Within the entries below, output exactly the lines between the line containing "Западноевропейският митрополит Антоний" and the line containing "2. 受水槽フェンスまわり", inclusive, and omit any picture.

++++ MATERIAL FOR THIS EXERCISE ++++

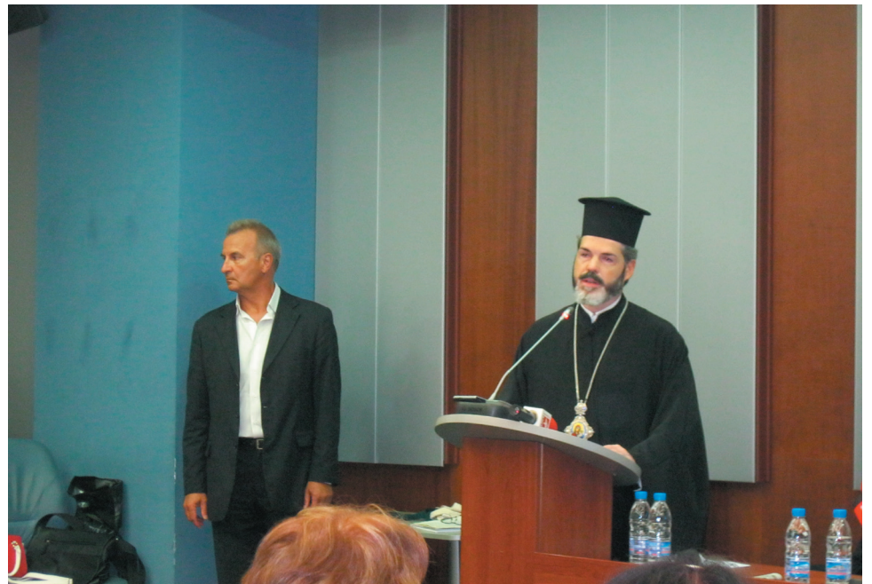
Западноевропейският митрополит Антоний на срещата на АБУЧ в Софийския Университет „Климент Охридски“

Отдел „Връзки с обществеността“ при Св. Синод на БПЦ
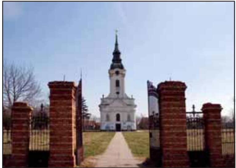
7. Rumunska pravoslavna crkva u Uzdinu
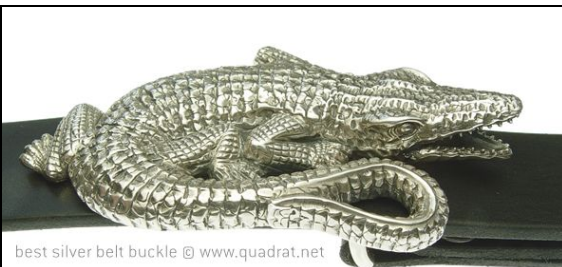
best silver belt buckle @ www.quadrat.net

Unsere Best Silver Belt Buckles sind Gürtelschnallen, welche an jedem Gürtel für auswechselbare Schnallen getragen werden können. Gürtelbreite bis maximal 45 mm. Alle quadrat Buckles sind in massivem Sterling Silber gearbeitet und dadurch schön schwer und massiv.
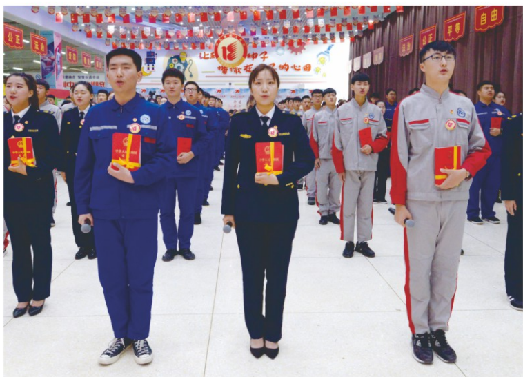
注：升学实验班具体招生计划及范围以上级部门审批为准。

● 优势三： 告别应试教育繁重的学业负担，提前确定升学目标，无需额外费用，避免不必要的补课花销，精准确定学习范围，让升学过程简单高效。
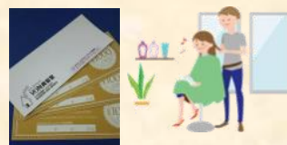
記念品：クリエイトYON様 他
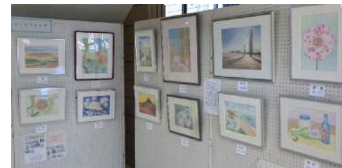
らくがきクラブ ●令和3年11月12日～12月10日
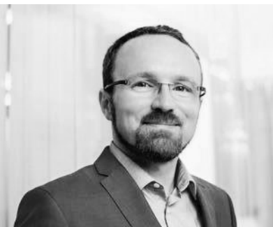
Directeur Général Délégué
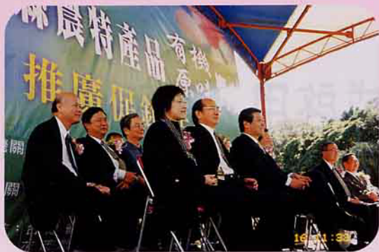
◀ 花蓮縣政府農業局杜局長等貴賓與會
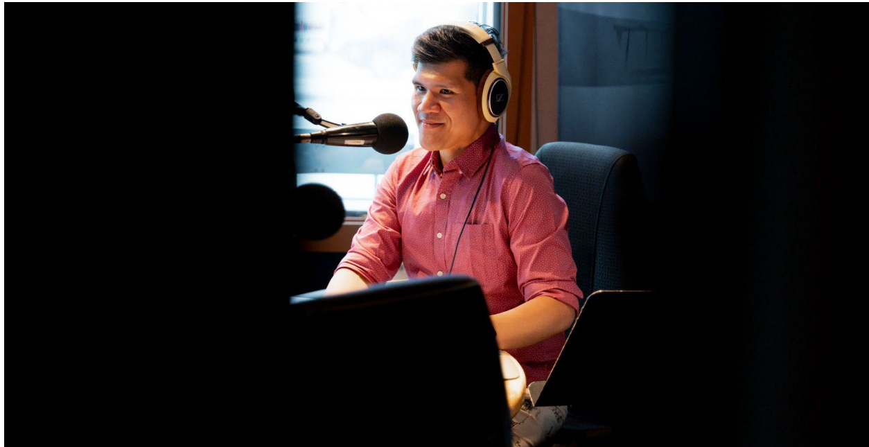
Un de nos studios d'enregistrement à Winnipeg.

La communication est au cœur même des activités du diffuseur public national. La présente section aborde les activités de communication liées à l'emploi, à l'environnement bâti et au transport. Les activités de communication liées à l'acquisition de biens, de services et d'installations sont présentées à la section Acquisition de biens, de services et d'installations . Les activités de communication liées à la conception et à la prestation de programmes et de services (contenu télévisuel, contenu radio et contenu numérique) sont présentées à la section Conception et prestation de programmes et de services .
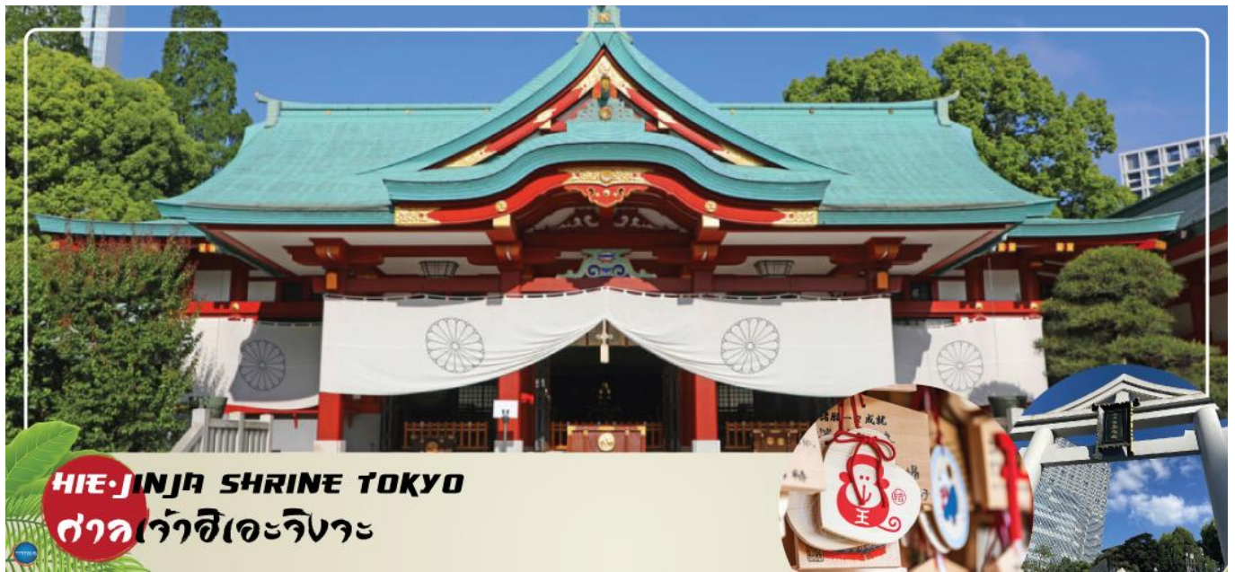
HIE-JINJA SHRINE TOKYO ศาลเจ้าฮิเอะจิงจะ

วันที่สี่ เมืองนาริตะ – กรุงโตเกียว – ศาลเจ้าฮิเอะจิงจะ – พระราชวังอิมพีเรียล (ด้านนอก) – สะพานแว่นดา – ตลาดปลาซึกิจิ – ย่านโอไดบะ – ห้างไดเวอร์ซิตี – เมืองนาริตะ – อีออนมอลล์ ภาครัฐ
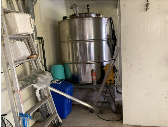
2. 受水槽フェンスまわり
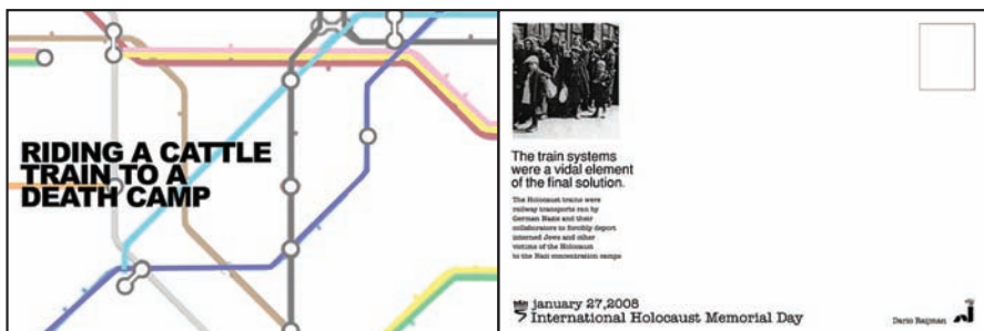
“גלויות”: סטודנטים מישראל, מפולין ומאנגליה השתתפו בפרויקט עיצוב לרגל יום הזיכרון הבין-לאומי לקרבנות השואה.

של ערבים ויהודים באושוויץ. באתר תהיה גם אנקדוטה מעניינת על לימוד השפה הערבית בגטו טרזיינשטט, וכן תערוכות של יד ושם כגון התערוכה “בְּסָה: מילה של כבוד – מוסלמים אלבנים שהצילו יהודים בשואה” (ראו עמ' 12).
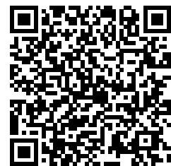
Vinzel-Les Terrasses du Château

++++
++++ MATERIAL FOR THIS EXERCISE ++++

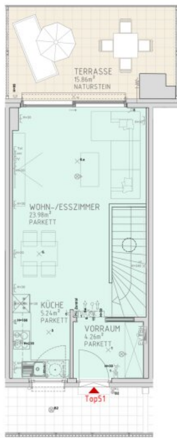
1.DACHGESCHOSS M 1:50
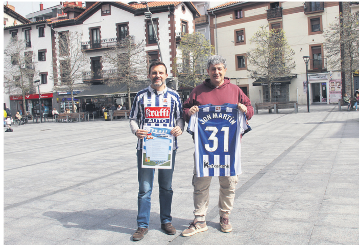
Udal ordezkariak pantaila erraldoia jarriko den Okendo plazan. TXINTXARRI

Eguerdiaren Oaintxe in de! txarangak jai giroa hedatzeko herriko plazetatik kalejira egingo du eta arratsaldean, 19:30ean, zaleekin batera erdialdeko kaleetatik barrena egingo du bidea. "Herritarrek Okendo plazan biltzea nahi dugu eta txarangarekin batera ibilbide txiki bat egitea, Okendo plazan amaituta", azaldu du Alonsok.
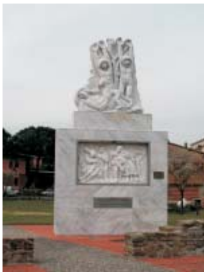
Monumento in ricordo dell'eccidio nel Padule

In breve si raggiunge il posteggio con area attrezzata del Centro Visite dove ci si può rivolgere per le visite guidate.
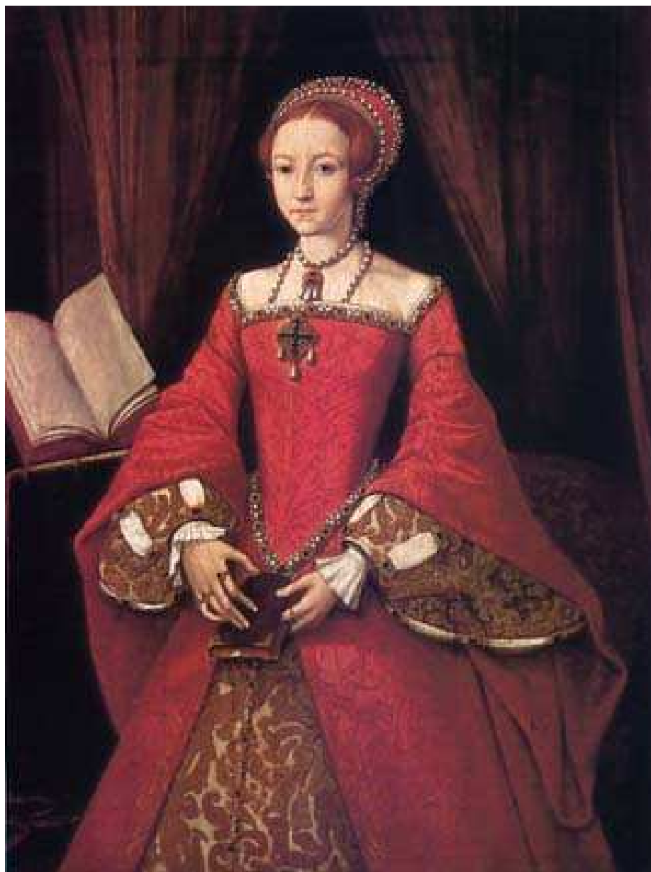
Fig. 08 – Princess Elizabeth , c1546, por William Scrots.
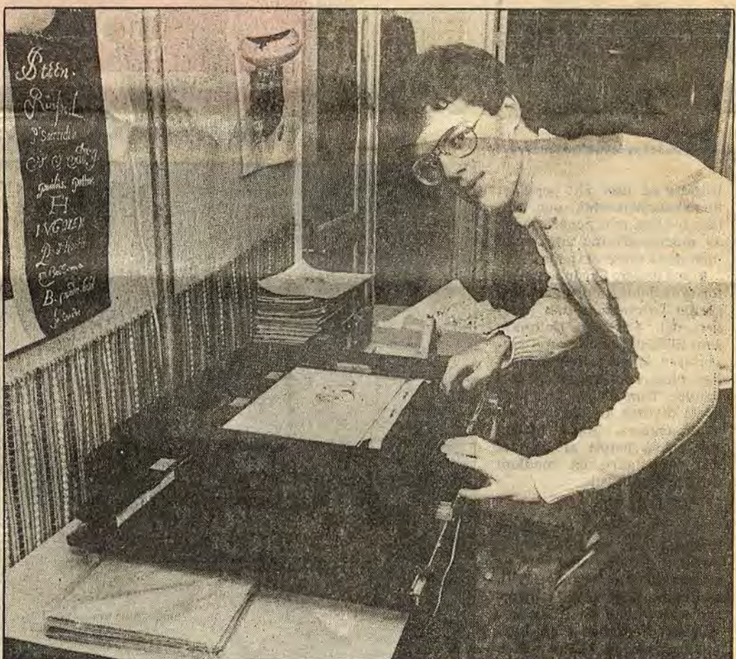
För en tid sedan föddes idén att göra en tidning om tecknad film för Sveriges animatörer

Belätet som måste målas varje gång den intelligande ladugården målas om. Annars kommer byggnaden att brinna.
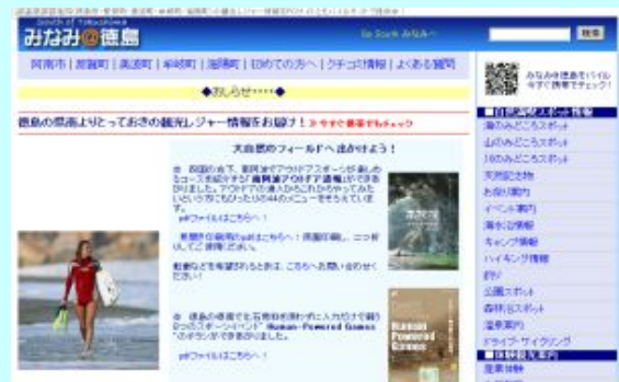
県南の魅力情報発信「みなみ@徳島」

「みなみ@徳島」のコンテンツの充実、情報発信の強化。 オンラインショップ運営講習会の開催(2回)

++++
++++ MATERIAL FOR THIS EXERCISE ++++

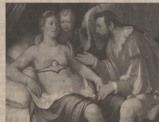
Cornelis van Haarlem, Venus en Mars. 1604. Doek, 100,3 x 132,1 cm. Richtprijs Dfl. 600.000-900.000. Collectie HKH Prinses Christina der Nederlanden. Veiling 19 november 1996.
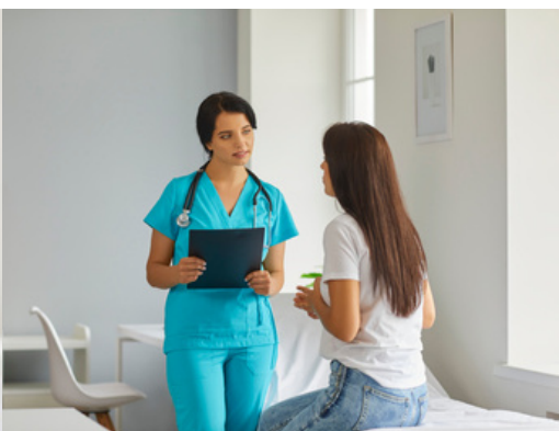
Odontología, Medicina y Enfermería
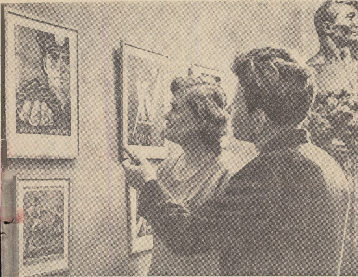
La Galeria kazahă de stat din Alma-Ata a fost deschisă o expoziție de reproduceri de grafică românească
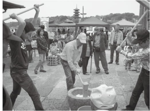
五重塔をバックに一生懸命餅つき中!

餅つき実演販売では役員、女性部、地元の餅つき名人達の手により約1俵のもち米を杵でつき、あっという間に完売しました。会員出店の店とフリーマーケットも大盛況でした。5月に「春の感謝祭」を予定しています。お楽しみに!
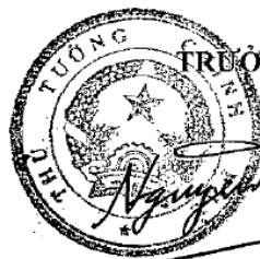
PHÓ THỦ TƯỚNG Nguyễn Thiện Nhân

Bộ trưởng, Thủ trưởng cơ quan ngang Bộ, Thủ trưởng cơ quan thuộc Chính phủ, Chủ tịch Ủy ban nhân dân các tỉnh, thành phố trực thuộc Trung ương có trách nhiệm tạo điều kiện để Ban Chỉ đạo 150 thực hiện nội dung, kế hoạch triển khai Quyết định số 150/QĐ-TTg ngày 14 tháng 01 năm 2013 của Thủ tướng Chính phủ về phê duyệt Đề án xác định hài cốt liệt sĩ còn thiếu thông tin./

++++

_RESPONSE TO THE EXERCISE:_
Западноевропейският митрополит Антоний на срещата на АБУЧ в Софийския Университет „Климент Охридски“

Отдел „Връзки с обществеността“ при Св. Синод на БПЦ
7. Rumunska pravoslavna crkva u Uzdinu
best silver belt buckle @ www.quadrat.net

Unsere Best Silver Belt Buckles sind Gürtelschnallen, welche an jedem Gürtel für auswechselbare Schnallen getragen werden können. Gürtelbreite bis maximal 45 mm. Alle quadrat Buckles sind in massivem Sterling Silber gearbeitet und dadurch schön schwer und massiv.
注：升学实验班具体招生计划及范围以上级部门审批为准。

● 优势三： 告别应试教育繁重的学业负担，提前确定升学目标，无需额外费用，避免不必要的补课花销，精准确定学习范围，让升学过程简单高效。
記念品：クリエイトYON様 他
らくがきクラブ ●令和3年11月12日～12月10日
Directeur Général Délégué
◀ 花蓮縣政府農業局杜局長等貴賓與會
Un de nos studios d'enregistrement à Winnipeg.

La communication est au cœur même des activités du diffuseur public national. La présente section aborde les activités de communication liées à l'emploi, à l'environnement bâti et au transport. Les activités de communication liées à l'acquisition de biens, de services et d'installations sont présentées à la section Acquisition de biens, de services et d'installations . Les activités de communication liées à la conception et à la prestation de programmes et de services (contenu télévisuel, contenu radio et contenu numérique) sont présentées à la section Conception et prestation de programmes et de services .
HIE-JINJA SHRINE TOKYO ศาลเจ้าฮิเอะจิงจะ

วันที่สี่ เมืองนาริตะ – กรุงโตเกียว – ศาลเจ้าฮิเอะจิงจะ – พระราชวังอิมพีเรียล (ด้านนอก) – สะพานแว่นดา – ตลาดปลาซึกิจิ – ย่านโอไดบะ – ห้างไดเวอร์ซิตี – เมืองนาริตะ – อีออนมอลล์ ภาครัฐ
2. 受水槽フェンスまわり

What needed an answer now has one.